The problem:
Transcribe the lines below exactly. No image belongs in the transcription.

Information supplied:
|---|
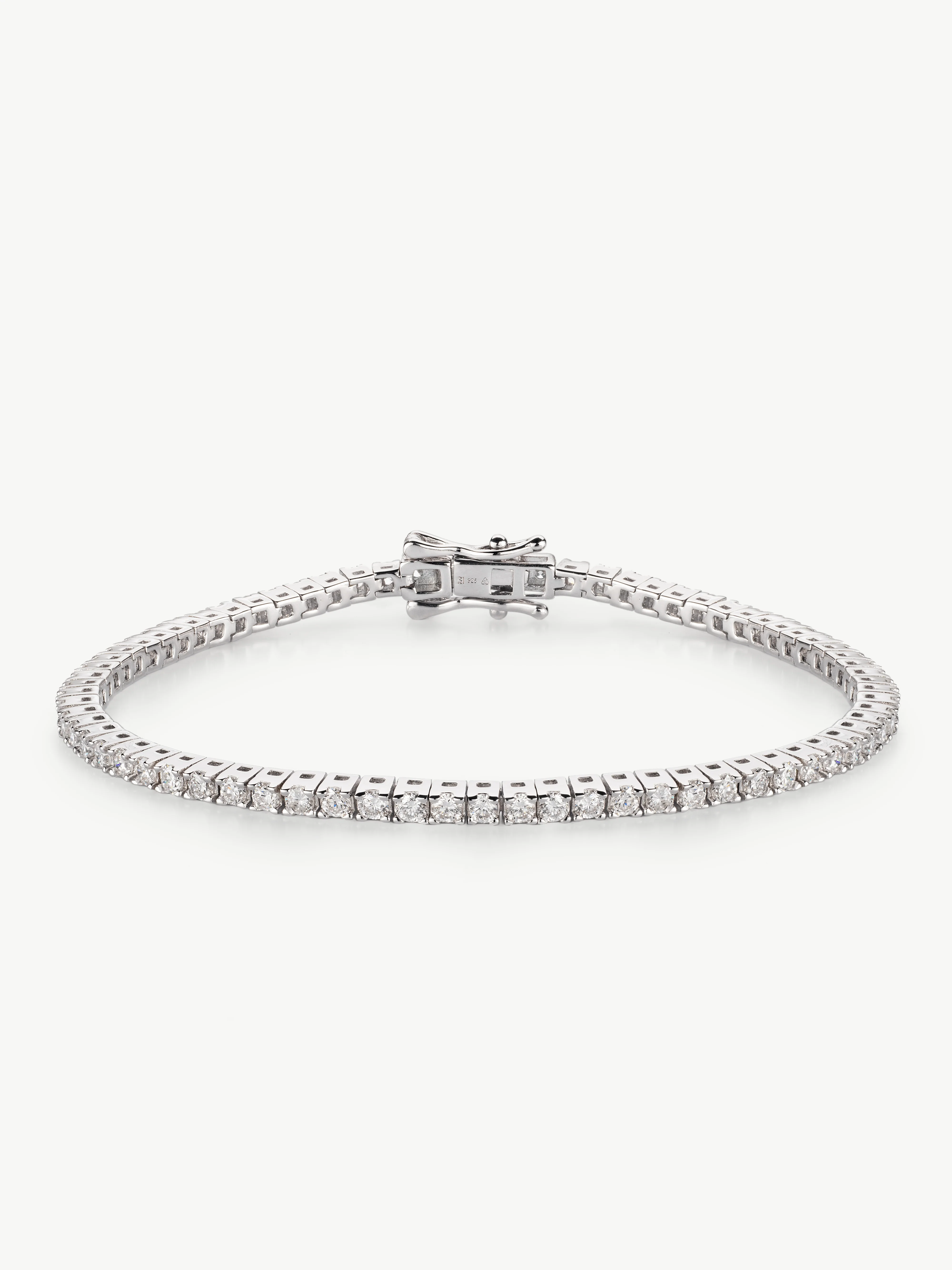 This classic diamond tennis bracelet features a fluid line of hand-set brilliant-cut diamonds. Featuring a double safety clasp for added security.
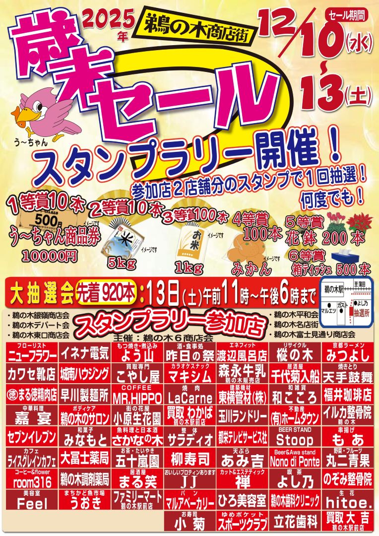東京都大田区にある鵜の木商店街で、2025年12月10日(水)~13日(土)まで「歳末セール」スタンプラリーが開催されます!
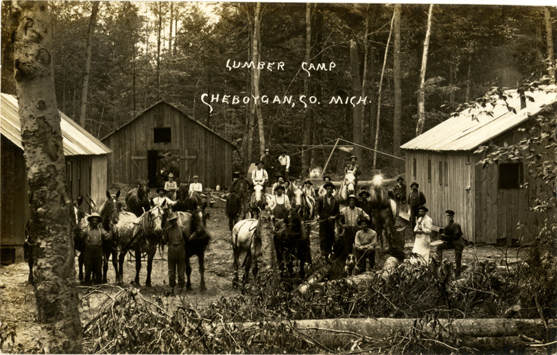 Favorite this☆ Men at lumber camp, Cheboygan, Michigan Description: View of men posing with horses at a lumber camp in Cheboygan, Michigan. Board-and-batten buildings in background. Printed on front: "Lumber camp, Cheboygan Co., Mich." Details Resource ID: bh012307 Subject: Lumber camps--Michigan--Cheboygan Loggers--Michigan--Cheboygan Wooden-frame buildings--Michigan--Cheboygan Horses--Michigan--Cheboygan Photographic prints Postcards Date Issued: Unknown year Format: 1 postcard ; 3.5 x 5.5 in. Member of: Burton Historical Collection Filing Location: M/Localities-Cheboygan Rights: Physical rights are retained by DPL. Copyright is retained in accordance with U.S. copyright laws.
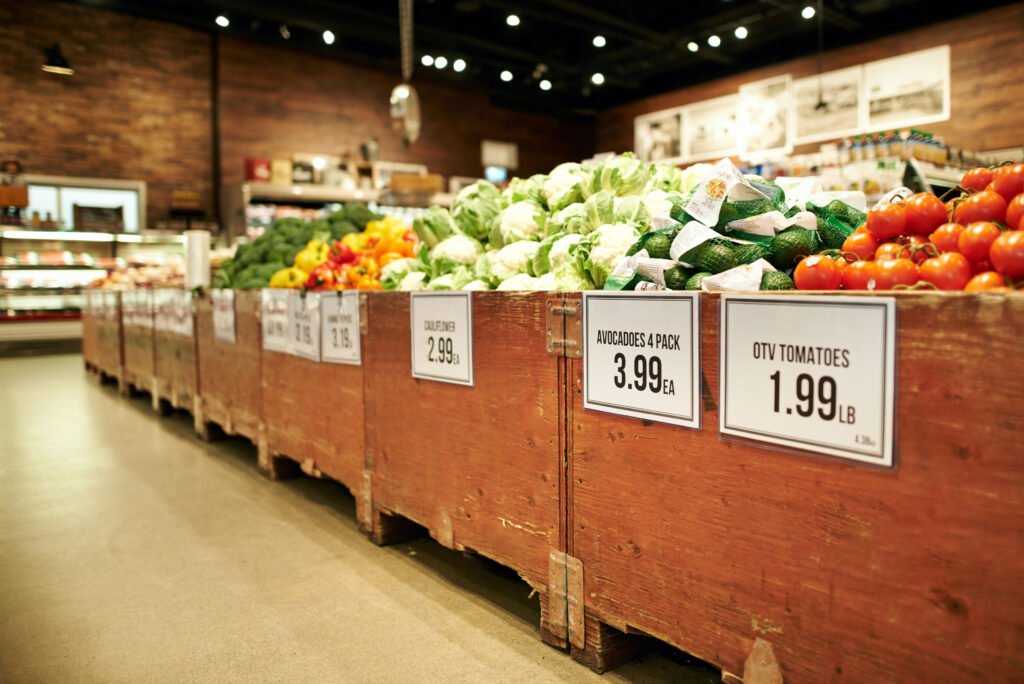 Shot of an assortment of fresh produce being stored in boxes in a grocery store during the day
|---|
Task answer:
 This classic diamond tennis bracelet features a fluid line of hand-set brilliant-cut diamonds. Featuring a double safety clasp for added security.
東京都大田区にある鵜の木商店街で、2025年12月10日(水)~13日(土)まで「歳末セール」スタンプラリーが開催されます!
 Favorite this☆ Men at lumber camp, Cheboygan, Michigan Description: View of men posing with horses at a lumber camp in Cheboygan, Michigan. Board-and-batten buildings in background. Printed on front: "Lumber camp, Cheboygan Co., Mich." Details Resource ID: bh012307 Subject: Lumber camps--Michigan--Cheboygan Loggers--Michigan--Cheboygan Wooden-frame buildings--Michigan--Cheboygan Horses--Michigan--Cheboygan Photographic prints Postcards Date Issued: Unknown year Format: 1 postcard ; 3.5 x 5.5 in. Member of: Burton Historical Collection Filing Location: M/Localities-Cheboygan Rights: Physical rights are retained by DPL. Copyright is retained in accordance with U.S. copyright laws.
 Shot of an assortment of fresh produce being stored in boxes in a grocery store during the day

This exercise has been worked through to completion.